▶ **Supplied data**
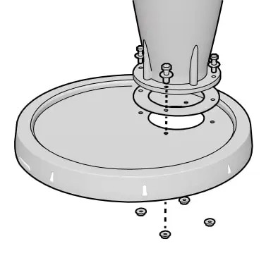 Segna il foro centrale per il ciclone inferiore e i fori più piccoli per le viti. Drillali e controlla il corretto posizionamento.
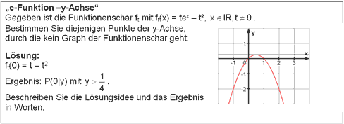 Die Aufgabe ist sowohl formal als auch bildlich vorgegeben. Man soll die Lösungsidee in eigene Worte fassen und dabei die mathematische Fachsprache verwenden. Damit zeigt man, ob er die Lösungsidee verstanden hat. Die Beschreibung erfordert aber auch noch weitere Fähigkeiten, nämlich das Fassen des Sachverhalts in Worten und das Verständnis, wie formale Ausdrücke und die bildliche Darstellung zusammenpassen. Man muss also auch in der Lage sein, die Darstellungsform zu wechseln und im Kontext zu argumentieren.
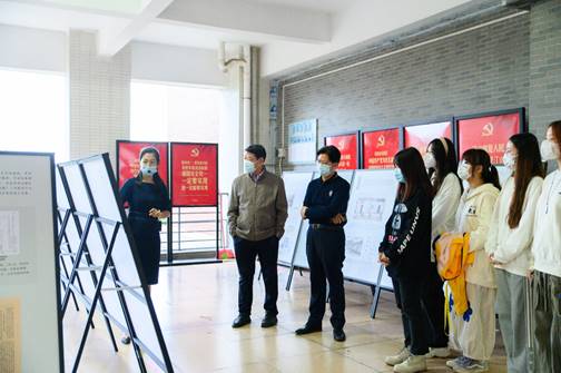 我校党委书记郝登峰、副校长李中生与同学们一同看展

▶ **Problem to work on**
Retype the data above exactly; pictures are not part of the copy.

▶ **Your solution**
 Segna il foro centrale per il ciclone inferiore e i fori più piccoli per le viti. Drillali e controlla il corretto posizionamento.
 Die Aufgabe ist sowohl formal als auch bildlich vorgegeben. Man soll die Lösungsidee in eigene Worte fassen und dabei die mathematische Fachsprache verwenden. Damit zeigt man, ob er die Lösungsidee verstanden hat. Die Beschreibung erfordert aber auch noch weitere Fähigkeiten, nämlich das Fassen des Sachverhalts in Worten und das Verständnis, wie formale Ausdrücke und die bildliche Darstellung zusammenpassen. Man muss also auch in der Lage sein, die Darstellungsform zu wechseln und im Kontext zu argumentieren.
 我校党委书记郝登峰、副校长李中生与同学们一同看展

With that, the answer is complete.